Насколько я помню, пять Свидетельств он кинул и директору. А уж своему непосредственному начальнику – штук десять, если не ошибаюсь… Нет, поймите меня правильно – я знаю его не слишком хорошо, только здоровался, как и все остальные. Мы даже по области работы никогда не пересекались – к счастью для меня! – иначе седых волос у меня прибавилось бы вдвое! – старик чуть провёл тонкой, словно куриная лапка, обтянутой желтовато-коричневой кожей рукой, по жиденькой, но ещё местами чёрной, шевелюре, – Я-то хорошо усвоил урок: никогда сам не заговаривал, и, тем более, к «его» углу не подходил!.. Видя, что старик не собирается продолжать, комиссар нашёл нужным спросить: – Так, получается, у него был «свой» угол? – Да. И всю электронику и даже механику своих приборов и устройств он всегда делал сам. Владел, так сказать, не только токарным и фрезерным станками, но и паяльником. Уж электротехникой и электроникой – получше многих… Не считался с потраченным временем и силами, чтоб довести начатое до конца – иногда работал и ночами, и когда мы приходили утром, он даже не глядел – кто там… Не успокаивался и не уходил обычно, пока очередная хрень не начинала работать… С другой стороны – зачем ему уходить? Койка в «его» углу была точно такая же, как в комнате в общежитии. – А вот те Авторские Свидетельства… Вы смотрели, что там было заявлено? – Некоторые – да. В самом начале. Улучшение показателей измерительных приборов. Новые способы диагностики… (Ну, все это потом они, начальство-то наше, и пробивало для промышленности: «внедряло» на металлургических, трубопрокатных, и прочих заводах… Они, вроде, благодарили. Заводы, в-смысле. Эффект явно сказывался…) Потом я как-то перестал интересоваться – знаете, себе дороже…
Александр, собственно, ко мне лично никогда претензий не высказывал – я всё-таки был тогда почти вдвое старше его, и избыточными «амбициями» не страдал. Место старшего лаборанта меня по зарплате вполне устраивало. Комиссар подумал, что эта черта нрава, похоже, осталась самой существенной и на пенсии. Однако спросил о другом: – Извините, Даниил Маркович, за вопрос, так сказать, в лоб: если бы вам пришлось коротко и без околичностей выразить ваше личное мнение о… – …об Александре, я бы использовал слово: мразь! – Бланша поразила снова разгоревшаяся в глазах и тоне старика ненависть. Она бушевала, больше не скрываемая, словно настоящий лесной пожар, – Да-да: мразь! Мерзкая беспринципная тварь, в которой чувство своего превосходства над всеми окружающими, и их способностями, раздулось до непомерных размеров!
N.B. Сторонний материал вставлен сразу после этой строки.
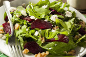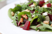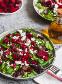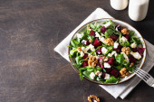 Sałatka buraczana lub buraczana ze świeżą rukolą, miękki ser i orzechy włoskie na talerzu, opatrunek i przyprawy na ciemnym drewnianym tle, przestrzeń do kopiowania, widok z góry /
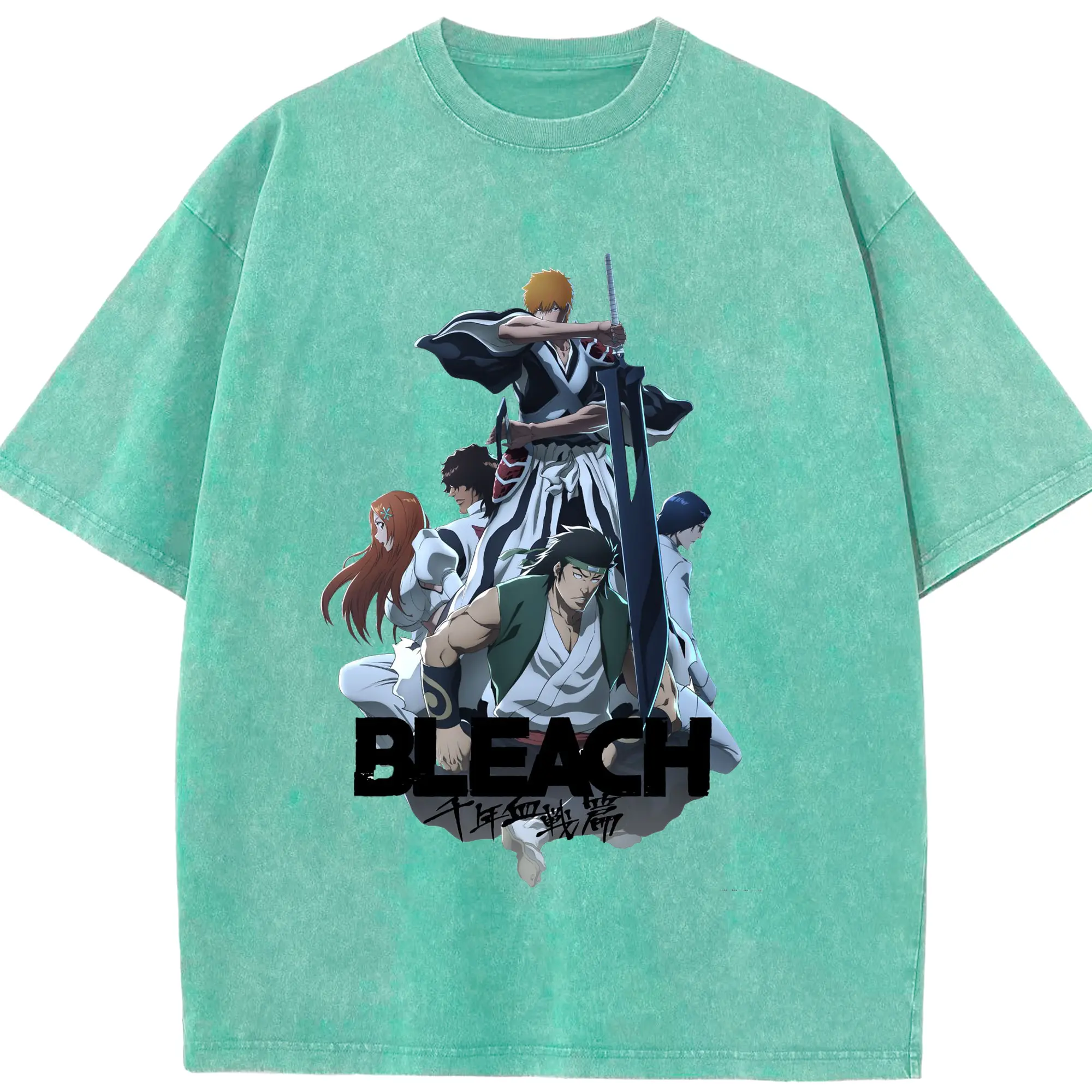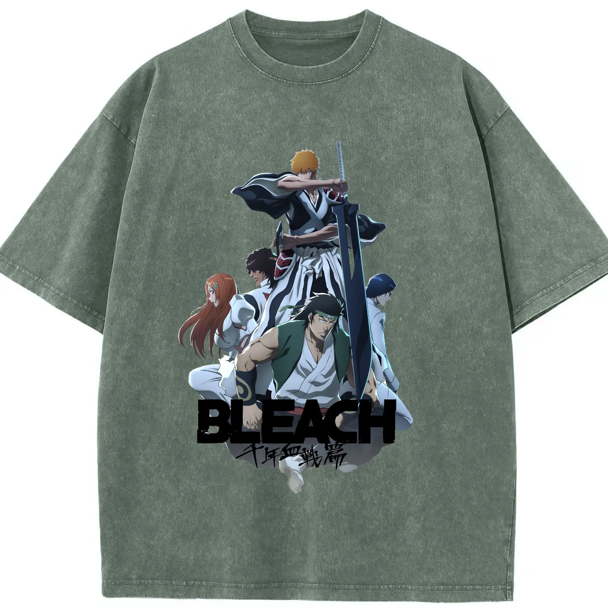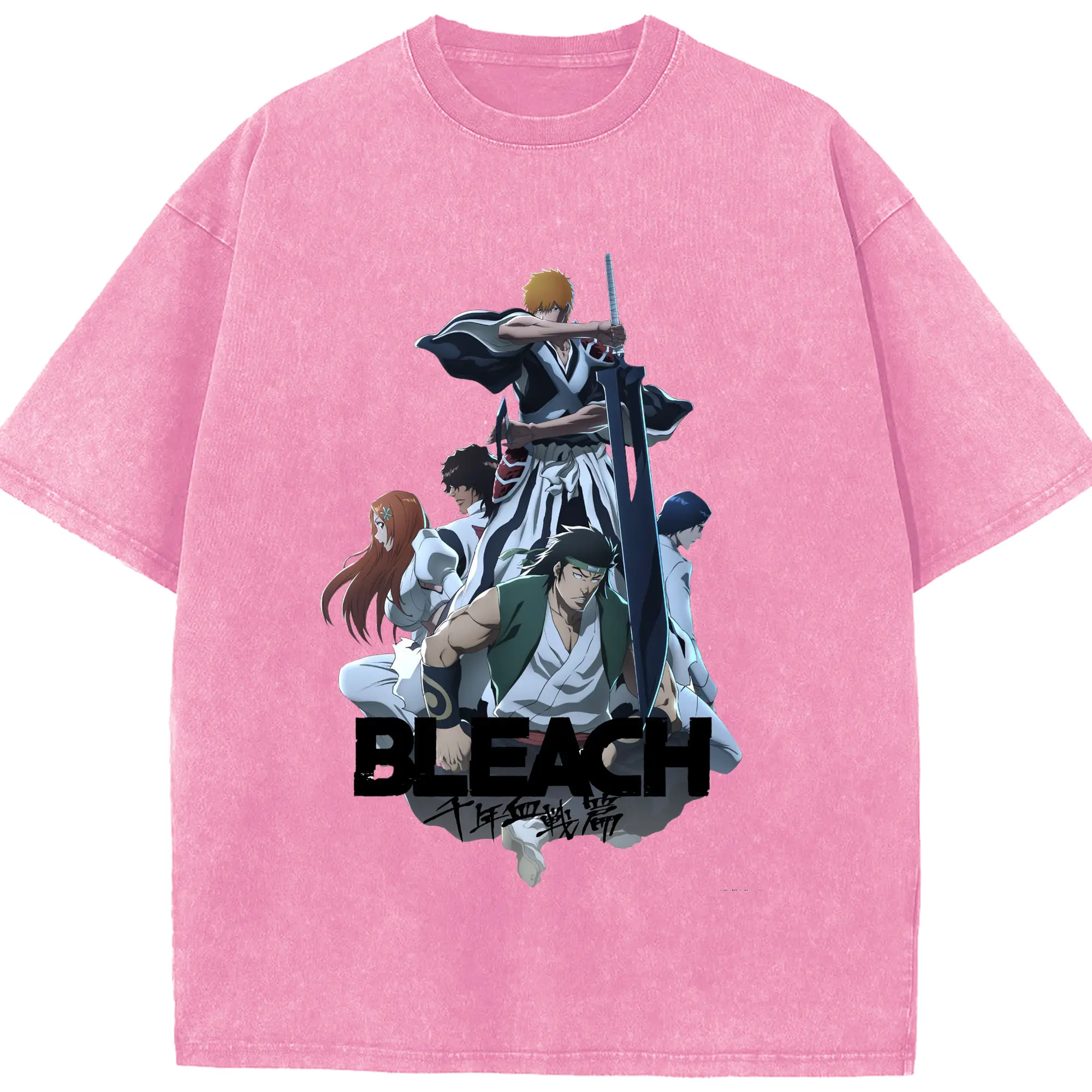 BLEACH Thousand-Year Blood War Group Anime DIY - Washed Vintage Look 230g Cotton Oversized T-Shirt With Front Heat Transfer Print – Soft, Lightweight, Stylish Fit – Comfortable Casual Wear For Sports & Everyday Use

А презрение к «тупым плагиаторам» – возвысилось до Эвереста! И это – при полном отсутствии элементарной совести. Или хотя бы порядочности, принятой не то, что в Обществе, а и в Науке.
Лично я знаю по крайней мере троих заслуженных и уважаемых людей, которых эта… Этот Александр довёл до инфарктов, инсультов, и угрожал физической расправой! И не постесняюсь, если хотите, назвать и их фамилии… – комиссар отрицательно покачал головой, выставив вперёд, словно хотел защититься от излишней информации, ладонь. – И если вы сможете «случайно» пристрелить его при аресте – я вам скажу откровенно, пусть и цинично: вы окажете Франции, России, да и всему Миру и всему Цивилизованному… Да и не очень – «Обществу», огромную услугу! Раз уж этот скот смог уничтожить три города, он не остановится, пока не натворит чего-то ещё похлеще!.. Только чтобы доказать работоспособность того, что придумал. И самому себе – какой он умный!.. Ну, и отомстить тому, кто, как он считает, обидел его… Причём не важно, когда – пусть даже двадцать лет назад!
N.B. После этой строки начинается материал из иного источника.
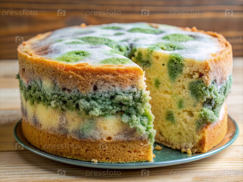 Плесенистый торт с зелеными и желтыми слоями, отображаемый на деревянном столе

Дорогу обратно, в Главное Управление ФСБ, комиссар не воспринял. Потому что взгляд хоть и был обращен в затонированное окно, ничего не видел.
Комиссар думал.
Что могло так испоганить характер, как признавали даже враги, чертовски талантливого и умного парня?
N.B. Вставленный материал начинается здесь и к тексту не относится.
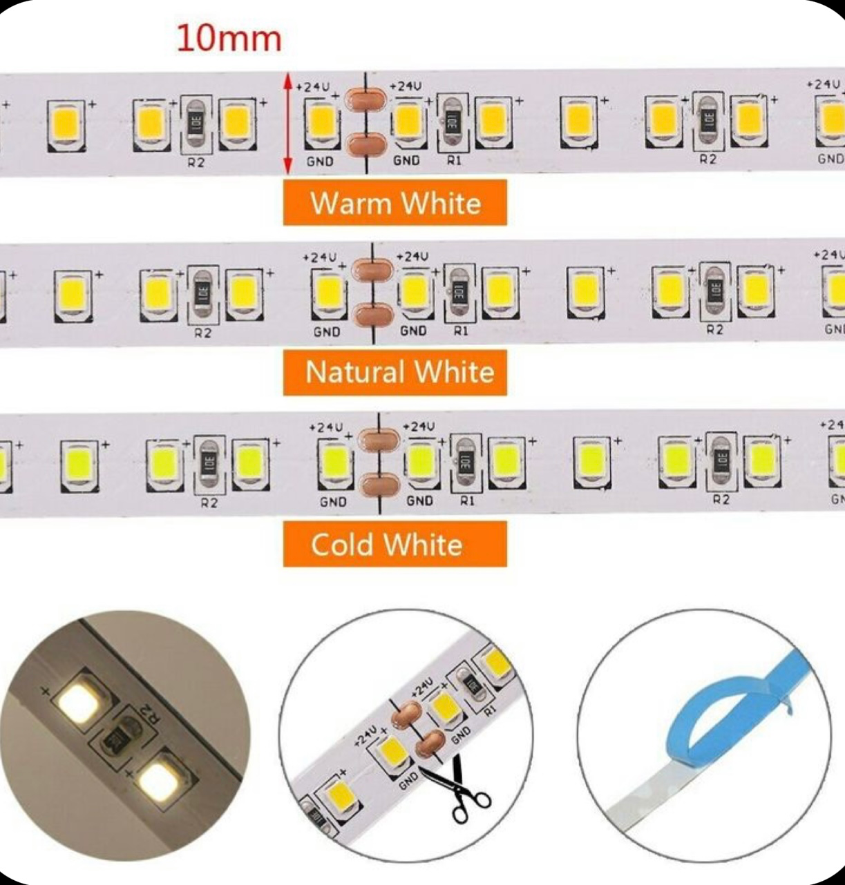 ریسه های ۲۴ ولتی دارای حلقه های ۵ متری می باشد که می توانید تا ۱۰ متر از این ریسه ها را میتوانید به اتصال سیم از یک طرف روشن کنید در صورتی طوی مسیر بیشتر از ۱۰ متر باشد به دلیل جلو گیری از افت نور در انتهای مسیر لازم است از ابتدا و انتهااتصال سیم بر قرار شود .

Ведь то, что он талантлив, и целеустремлён в достижении цели, признавали они все. Разумеется, он сейчас может опираться лишь на мнение этих самых врагов. Поскольку друзей у Зисерманна явно не было. А почему не было? Как не было и другой девушки… «Обжегшись на молоке, дул на воду»? Неужели у него хоть изредка не возникало желания поделиться хоть с кем-то, «излить, так сказать, душу» – рассказать, что беспокоит, наболело, почему тяжко на душе?..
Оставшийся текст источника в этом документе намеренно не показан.